Ian and Tim are two childhood friends who live in the bizarrely mundane town of Moreno Valley and spend their days and nights dreaming about actually finding meaning in the world. ‘Inland Empire’, a film created by the leading actors Ian Abramson (Come F*ck My Robot) and Tim Barnes, and directed by Zane Rubin, is a story about the steadiness of the suburbs, despite all the craziness.
It’s a fever dream about becoming an adult against your will
We wanted to make a movie about what it felt like where we grew up. When you grow up in a place as weird and desolate as the Inland Empire, you can either run headfirst into a dead end job like construction or accounting or get lost in dreams of a more exciting world. It’s an exploration of friendship and ambition in a part of the country that history has forgotten. Bizarre mysteries unfold before you, but the main characters barely seem to notice. It’s a fever dream about becoming an adult against your will, in a world where health insurance, and good credit seem as fictional as aliens or superpowers.
In writing the short and working with Zane as director and the production team at JASH, we tried to capture the mood and feeling the Inland Empire gave us more than the realistic details. But the lady drinking the milk is real and she’s our best friend.

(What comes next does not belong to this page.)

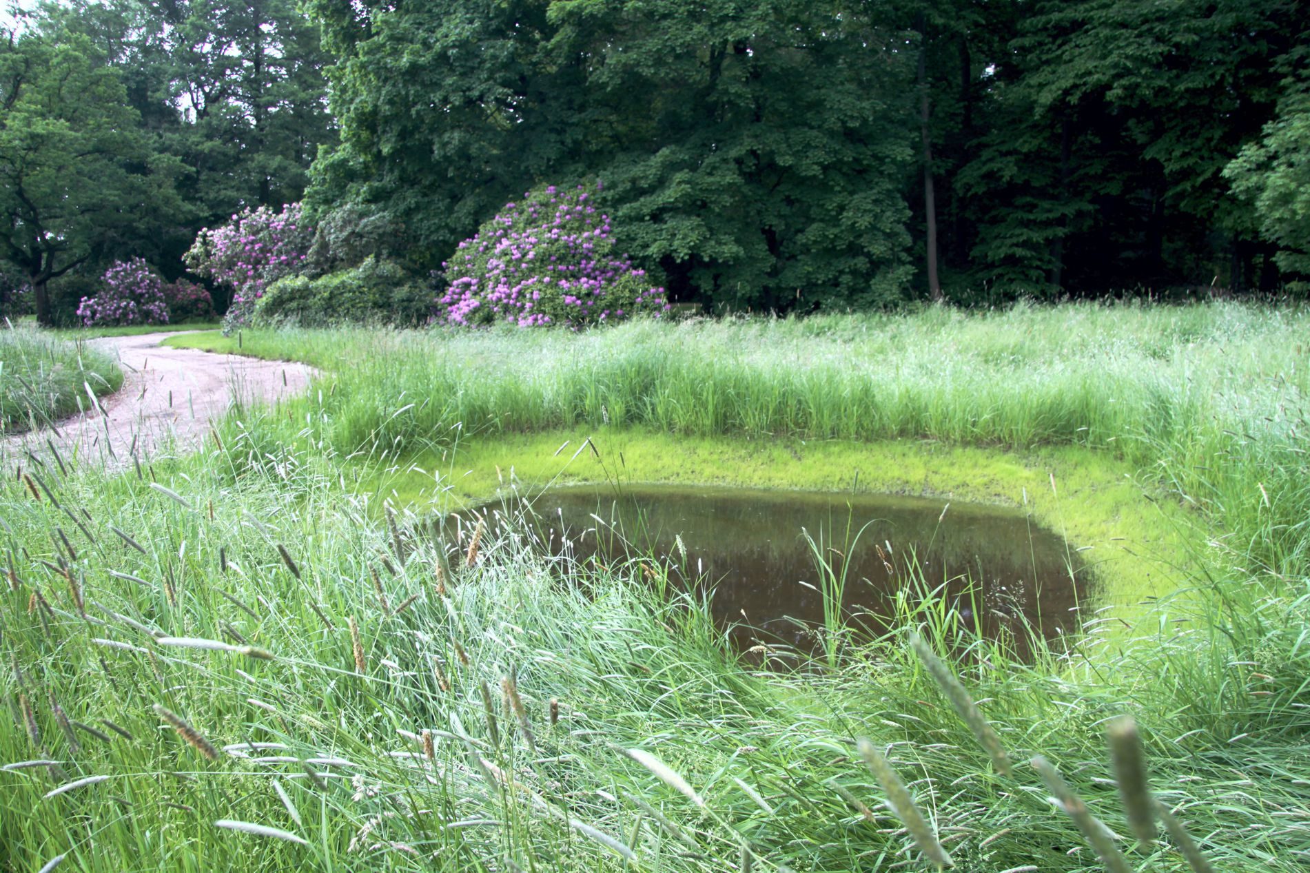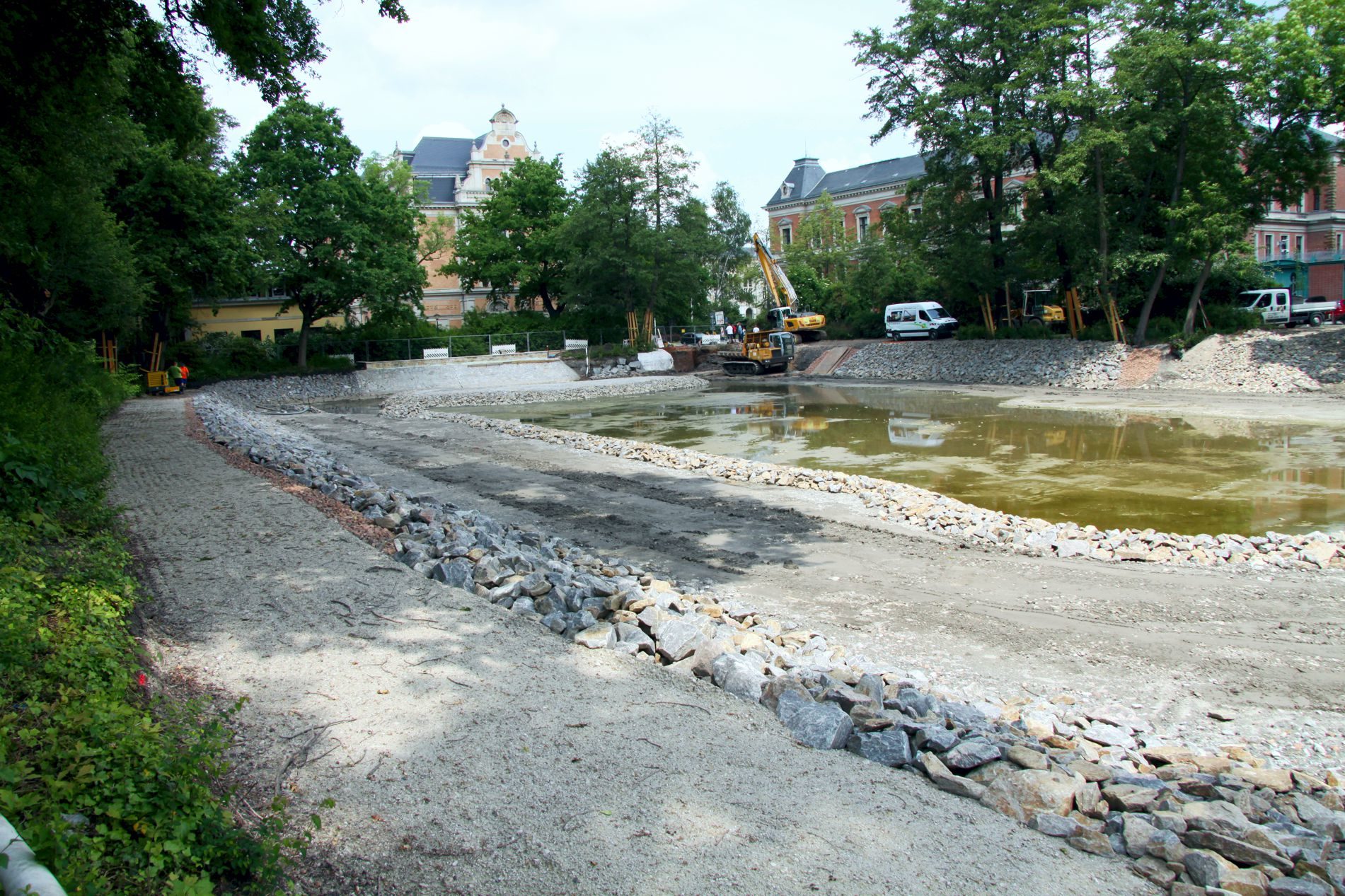 Besonders ins Auge fällt aktuell die Sanierung des Langen Teichs im östlichen Bereich der Parkanlage. Hier konnten nach der Entwässerung im März und dem anschließenden Abfischen ca. ein halber Meter Schlamm beseitigt und der Teichboden neu modelliert werden. Im nördlichen Teich, nahe der Terrasse, ist er nun mit knapp 2 Metern am tiefsten. Damit hat er nicht nur an Volumen gewonnen, sondern sorgt zukünftig auch für eine optimale Gewässerkühlung. Südlich wurde er recht flach gehalten und bietet der Pflanzenwelt, den Amphibien und Insekten somit ideale Bedingungen.

Starting with its retro-inspired intro, the film is quick to catch our attention. Despite the lack of grasping and twisting events we typically look for in short films, Inland Empire enchants us with its subtleties and unique tone. The shocking moments are there, you just have to look for them. The incredible performances by Ian and Tim just keeps the story in balance in that surreal state, with Zane’s direction sharply following the particular flow.